Task prompt: Among the entries below, find the line with "会上,浙江省中小企业协会工业" and the line with "Show all the". Return exactly those lines and every line between them, but no pictures.

■ ■ ■ ■ ■

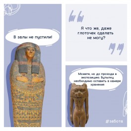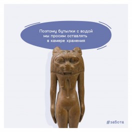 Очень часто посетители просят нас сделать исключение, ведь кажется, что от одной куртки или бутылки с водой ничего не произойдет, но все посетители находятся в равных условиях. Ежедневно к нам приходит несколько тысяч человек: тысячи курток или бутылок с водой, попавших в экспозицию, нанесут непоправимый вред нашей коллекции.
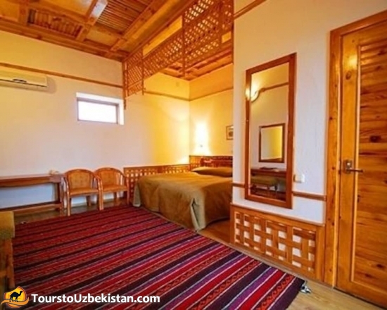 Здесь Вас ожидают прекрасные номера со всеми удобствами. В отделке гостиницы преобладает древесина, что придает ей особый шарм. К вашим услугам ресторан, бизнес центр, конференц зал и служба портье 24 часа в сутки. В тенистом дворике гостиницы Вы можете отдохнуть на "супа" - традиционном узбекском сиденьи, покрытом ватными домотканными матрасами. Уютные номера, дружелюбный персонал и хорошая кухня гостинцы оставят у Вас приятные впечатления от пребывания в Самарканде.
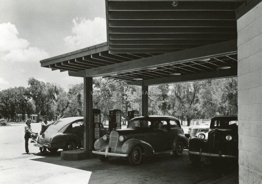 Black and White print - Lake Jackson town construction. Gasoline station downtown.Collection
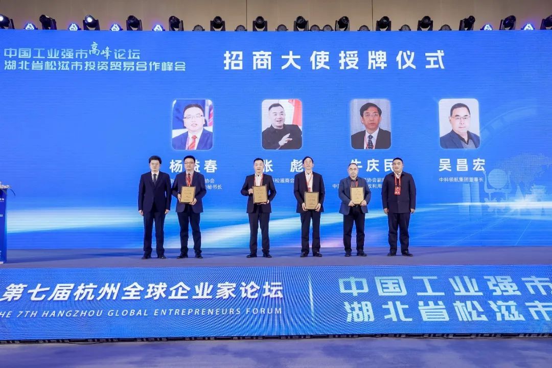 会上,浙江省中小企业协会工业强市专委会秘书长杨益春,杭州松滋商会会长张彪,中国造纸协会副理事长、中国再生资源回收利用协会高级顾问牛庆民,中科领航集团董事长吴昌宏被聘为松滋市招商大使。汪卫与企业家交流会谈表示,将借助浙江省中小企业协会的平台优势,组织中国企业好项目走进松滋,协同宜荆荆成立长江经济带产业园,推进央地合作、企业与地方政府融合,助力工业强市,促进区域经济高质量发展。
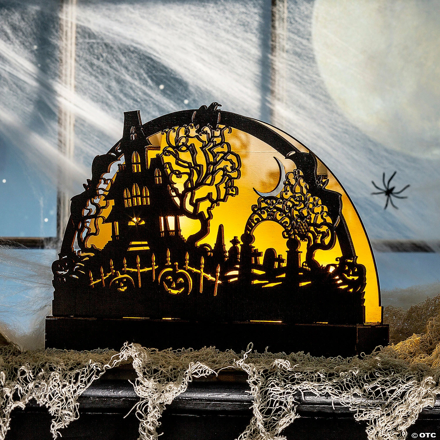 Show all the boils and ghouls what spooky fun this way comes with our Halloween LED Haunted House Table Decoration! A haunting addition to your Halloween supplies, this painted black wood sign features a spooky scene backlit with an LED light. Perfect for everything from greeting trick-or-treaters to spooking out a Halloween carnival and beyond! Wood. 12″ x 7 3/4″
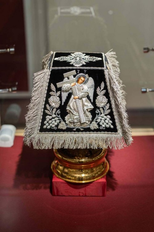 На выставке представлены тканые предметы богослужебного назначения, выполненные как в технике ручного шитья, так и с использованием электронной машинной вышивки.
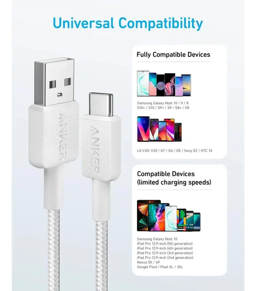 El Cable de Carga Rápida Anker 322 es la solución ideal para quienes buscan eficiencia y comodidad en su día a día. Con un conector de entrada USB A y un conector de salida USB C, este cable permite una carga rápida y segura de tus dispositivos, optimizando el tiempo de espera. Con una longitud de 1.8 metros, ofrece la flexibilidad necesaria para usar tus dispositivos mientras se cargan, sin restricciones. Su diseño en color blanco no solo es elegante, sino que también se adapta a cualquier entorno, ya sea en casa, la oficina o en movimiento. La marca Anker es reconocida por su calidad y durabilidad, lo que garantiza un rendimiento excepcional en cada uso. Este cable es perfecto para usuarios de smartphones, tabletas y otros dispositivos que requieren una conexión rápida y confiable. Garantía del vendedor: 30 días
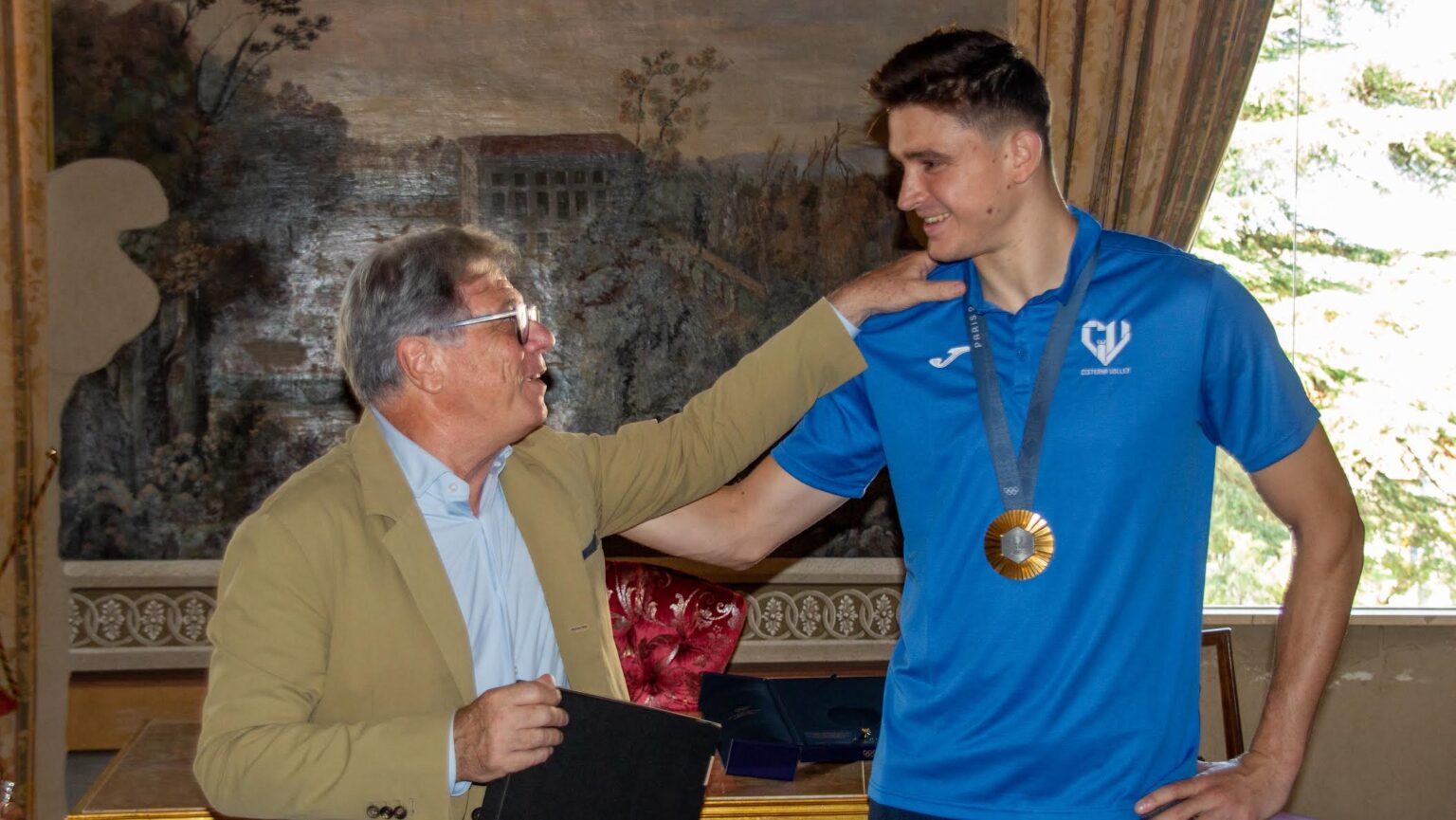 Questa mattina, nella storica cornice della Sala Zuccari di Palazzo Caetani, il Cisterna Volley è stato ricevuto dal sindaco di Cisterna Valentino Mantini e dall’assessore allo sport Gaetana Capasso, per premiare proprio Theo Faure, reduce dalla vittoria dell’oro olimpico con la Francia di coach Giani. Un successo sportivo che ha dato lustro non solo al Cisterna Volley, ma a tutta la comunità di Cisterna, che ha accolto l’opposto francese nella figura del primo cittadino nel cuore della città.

■ ■ ■ ■ ■

Answer to the exercise:
 会上,浙江省中小企业协会工业强市专委会秘书长杨益春,杭州松滋商会会长张彪,中国造纸协会副理事长、中国再生资源回收利用协会高级顾问牛庆民,中科领航集团董事长吴昌宏被聘为松滋市招商大使。汪卫与企业家交流会谈表示,将借助浙江省中小企业协会的平台优势,组织中国企业好项目走进松滋,协同宜荆荆成立长江经济带产业园,推进央地合作、企业与地方政府融合,助力工业强市,促进区域经济高质量发展。
 Show all the boils and ghouls what spooky fun this way comes with our Halloween LED Haunted House Table Decoration! A haunting addition to your Halloween supplies, this painted black wood sign features a spooky scene backlit with an LED light. Perfect for everything from greeting trick-or-treaters to spooking out a Halloween carnival and beyond! Wood. 12″ x 7 3/4″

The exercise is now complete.